In ideal world: reordering, tearing off and merging.

> Which operations would you put under the menu?

Ostensibly, all of them?



> In ideal world: reordering, tearing off and merging.

That's an interesting idea. It sounds like it should be technically possible in the terminal too.

Same would go with drag copying text.


"tearing off" to me means creating a new window -- I don't know any terminal which lets you down a new window (although terminal lovers wouldn't want that I imagine).


It's not something I'd want personally but I don't see why it wouldn't be possible for those that do.

The iTerm2/tmux integration show that's you can map TUI windows on to GUI windows including splits into new GUI windows.

It's actually possible to have both the TUI representation and GUI representation connected to the same remote tmux session.

https://iterm2.com/documentation-tmux-integration.html


You can have tabs in vim instead of the terminal. Check :tabedit for example.


Yes that's the idea. Tearing off a tab in vim and creating a new terminal window with an instance of vim having contents of that tab. This is possible in vim guis but afaik not in any terminal version.

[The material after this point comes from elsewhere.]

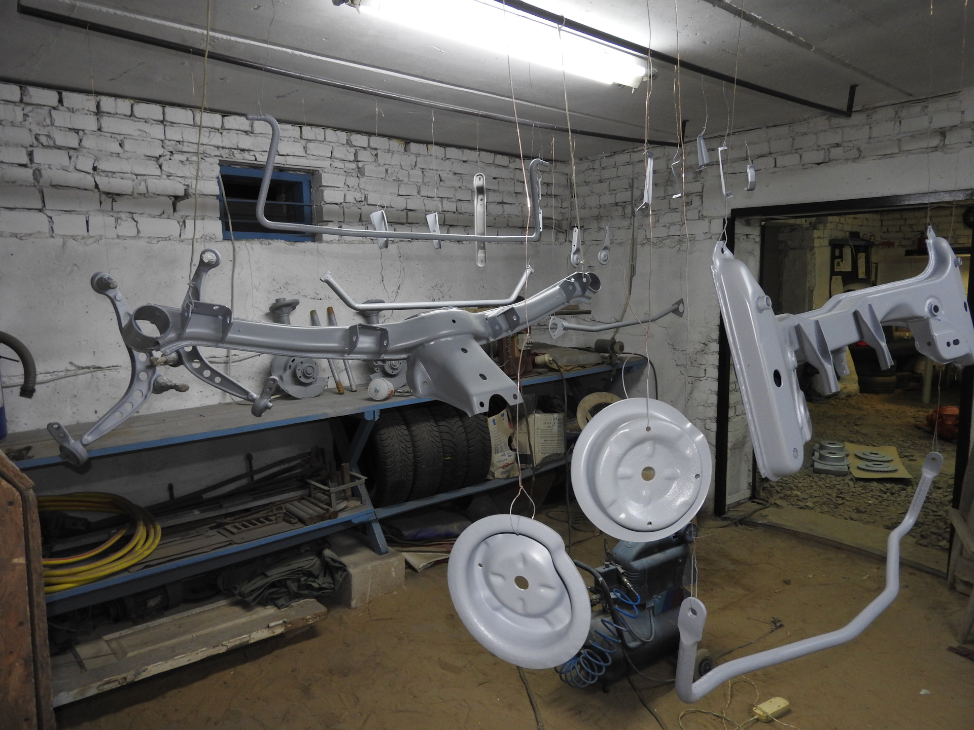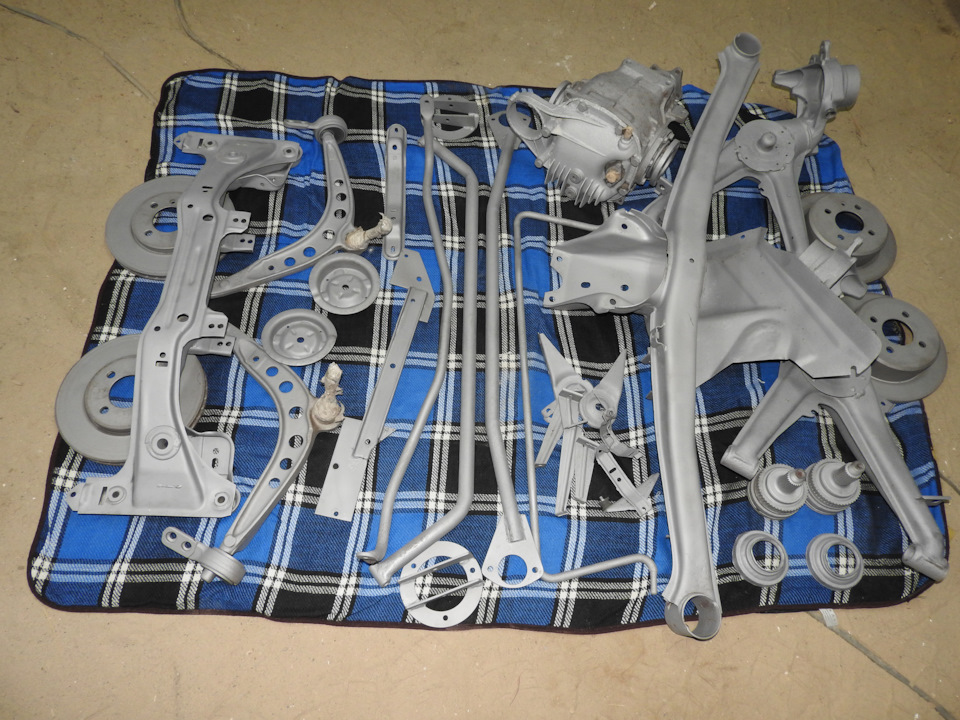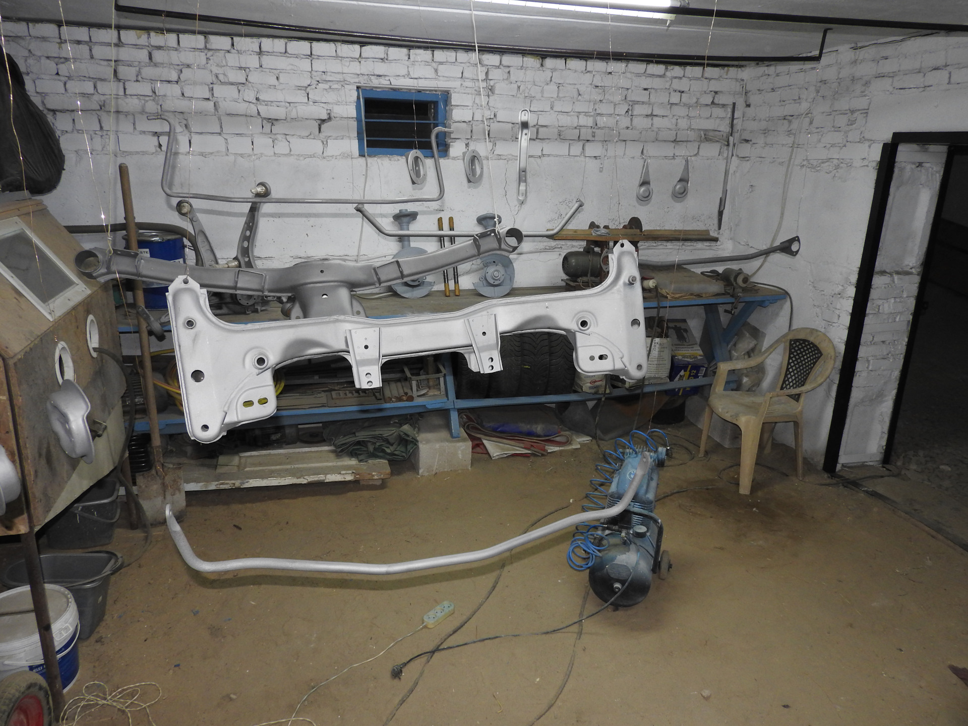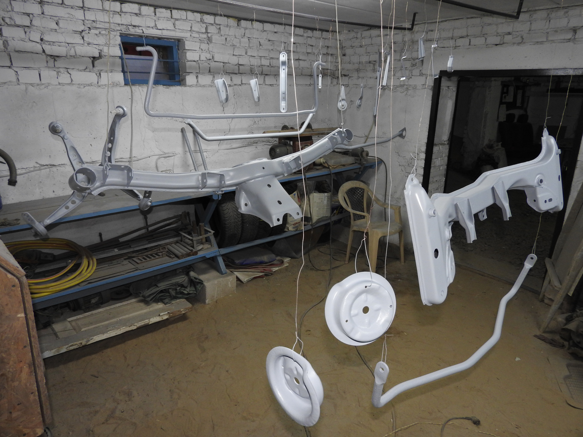 Отпесочил все детали ходовой. Мелкие и менее ржавые детали песочил дома, а оч ржавые задние рычаги, редуктор пришлось везти на промышленную песочку. Для самодельной нужен или компрессор мощнее, или чет с подачей песка делать — оч долго и геморно нужно песочить. И вытяжка нужна, а то это ппц с пылью… В общем, вот готовый результат песочки:

When I'm using an IDE (vim-based or otherwise), I tend to have other things integrated into the editor session, for example I'm connected to a REPL or other external thing. If I pop a tab out into a new window, I don't want it to be an entirely separate editor session: I want it to keep all these extra integrated things as the parent. I still want to be able to evaluate code in the same REPL session as the parent without having to create a new session or connection.

I'm not sure how to handle something like this in a terminal editor, unless the vim plugins are aware of it (but they're not, since they weren't written for it). In a non-terminal editor like nvui, the new window could be just a view into a buffer, but still running inside the one instance of vim, allowing these plugins to keep working transparently, even though now there are multiple windows.

I don't think this is something that's easily possible with terminals without rewriting all the plugins that might need to be aware of it.